## Data segment
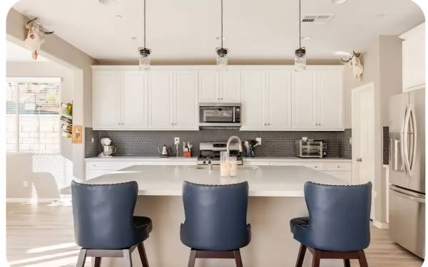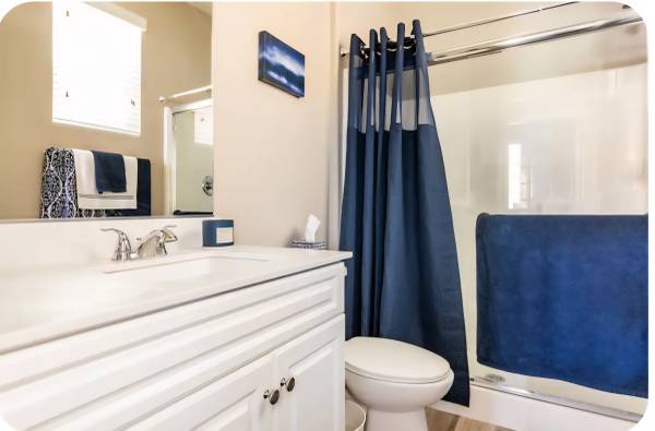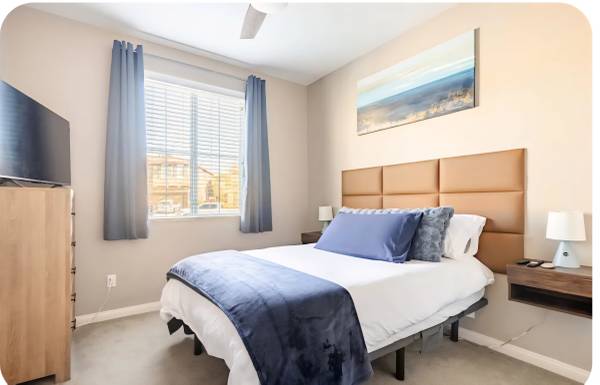 Includes: All utilities, common area access, cookware, utensils, linens, towels, adjustable base bed, blackout curtains, new TCL "43" OLED TV. (EV Charging for small fee)
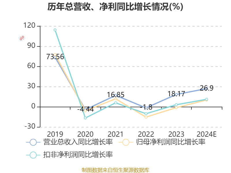 中证智能财讯松井股份(688157)2月25日晚间披露2024年业绩快报,公司实现营业收入7.48亿元,同比增长26.9%;归母净利润8914.4万元,同比增长9.91%;扣非净利润8179.91万元,同比增长10.96%;基本每股收益0.8元,加权平均净资产收益率为6.72%。以2月25日收盘价计算,松井股份目前市盈率(TTM)约为54.25倍,市净率(LF)约3.7倍,市销率(TTM)约6.89倍。
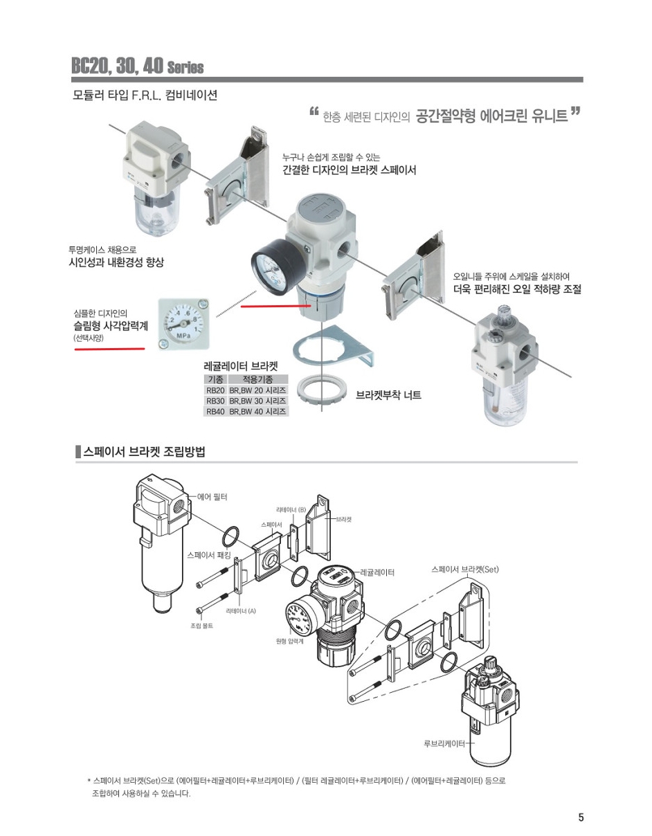 레귤레이터용 게이지 R(PT) 1/8 라운드, 슬림사각
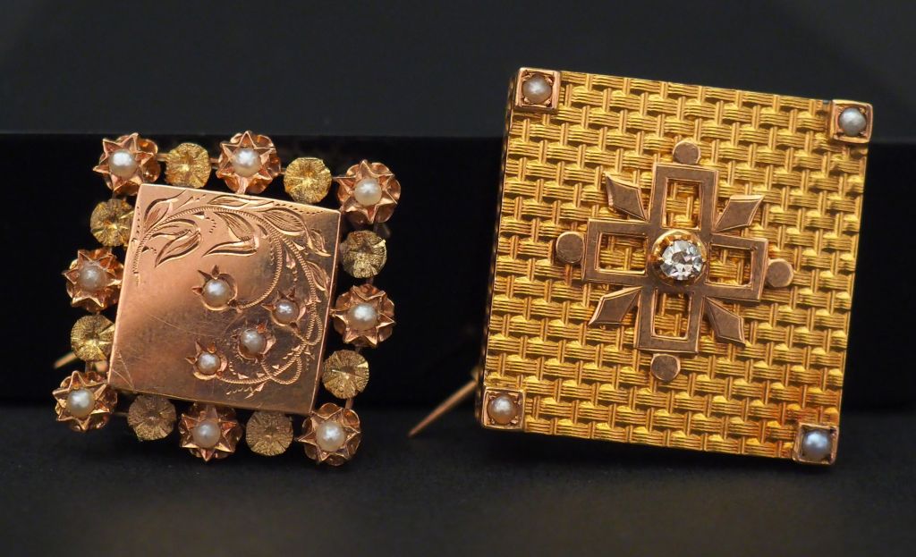 Ensemble comprenant : - une broche carrée Napoléon III en or jaune, à décor en son centre d'une croix sertie d'un petit diamant. Les angles sertis d'une perle. 2,5 x 2,5 cm - une broche Napoléon III en or jaune, sertie de perles, à décor de fleurs. 2,3 x 2,3 cm Poids tel. 8,19 g

## Assignment
Please return the material above unchanged, with every picture removed.

## Response to the exercise
 Includes: All utilities, common area access, cookware, utensils, linens, towels, adjustable base bed, blackout curtains, new TCL "43" OLED TV. (EV Charging for small fee)
 中证智能财讯松井股份(688157)2月25日晚间披露2024年业绩快报,公司实现营业收入7.48亿元,同比增长26.9%;归母净利润8914.4万元,同比增长9.91%;扣非净利润8179.91万元,同比增长10.96%;基本每股收益0.8元,加权平均净资产收益率为6.72%。以2月25日收盘价计算,松井股份目前市盈率(TTM)约为54.25倍,市净率(LF)约3.7倍,市销率(TTM)约6.89倍。
 레귤레이터용 게이지 R(PT) 1/8 라운드, 슬림사각
 Ensemble comprenant : - une broche carrée Napoléon III en or jaune, à décor en son centre d'une croix sertie d'un petit diamant. Les angles sertis d'une perle. 2,5 x 2,5 cm - une broche Napoléon III en or jaune, sertie de perles, à décor de fleurs. 2,3 x 2,3 cm Poids tel. 8,19 g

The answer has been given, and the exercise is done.